The Battle of Port Moresby was an aerial battle fought between the Royal Australian Air Force (RAAF) and United States Army Air Force (USAAF) on one side and the Imperial Japanese Army and Imperial Japanese Navy on the other between 3 February 1942 and 17 August 1943 over Port Moresby, Papua. At the start, the defenders consisted only of Australian Army anti-aircraft batteries and machine-guns, but by late March had been strengthened by the arrival of Kittyhawk fighters from No. 75 Squadron RAAF. However, in just nine days they lost 11 aircraft and only the arrival of replacements enabled the unit to maintain ten serviceable machines.

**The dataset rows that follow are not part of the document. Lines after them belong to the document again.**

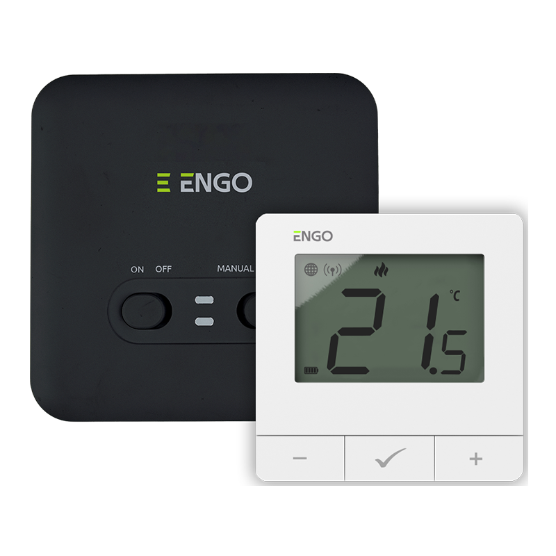 ENGO Термостат, безжичен, на батерии,бял, свързва се директно с WiFi мрежата (приложение ENGO/ TUYA) захранване приемник на 230V, подходящ за подово, отопление / охлаждане
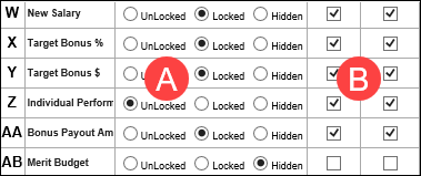 - Set the columns to UnLocked, Locked or Hidden.
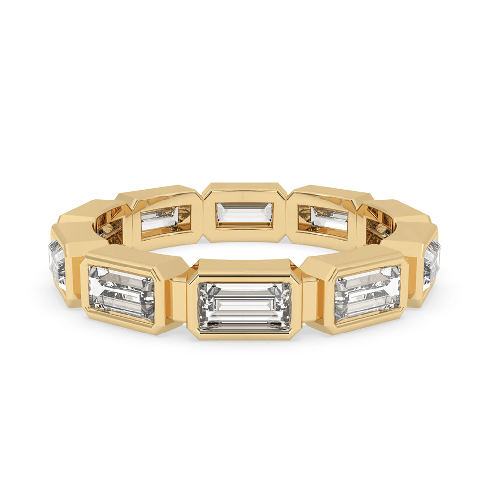 Perfect symbol of love and commitment, the bezel wedding band mixes classic design with contemporary sophistication. Its bezel setting firmly keeps every stone, guaranteeing long lifetime without sacrificing brilliance. This design has unparalleled beauty and elegance whether your preferred bezel set wedding band or a slim baguette wedding band.
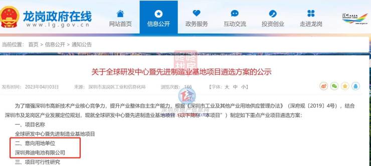 2023年4月,深圳市龙岗区工业和信息化局发布《关于全球研发中心暨先进制造业基地项目遴选方案的公示》,意向用地单位为比亚迪系。

According to the Australian government:

On 31 March, the Australians were joined by the American 8th Bombardment Squadron with A-24 bombers and for two weeks in May by six P-39 Airacobras of the American 36th Pursuit Squadron. Despite the American assistance, the daily air battles over and around Port Moresby by 1 May had reduced No. 75 Squadron RAAF to just three airworthy machines. The American 35th, and the full 36th, Pursuit Squadrons arrived to relieve the Australian squadron. During their time in Port Moresby 75 Squadron had lost 21 aircraft and 12 pilots.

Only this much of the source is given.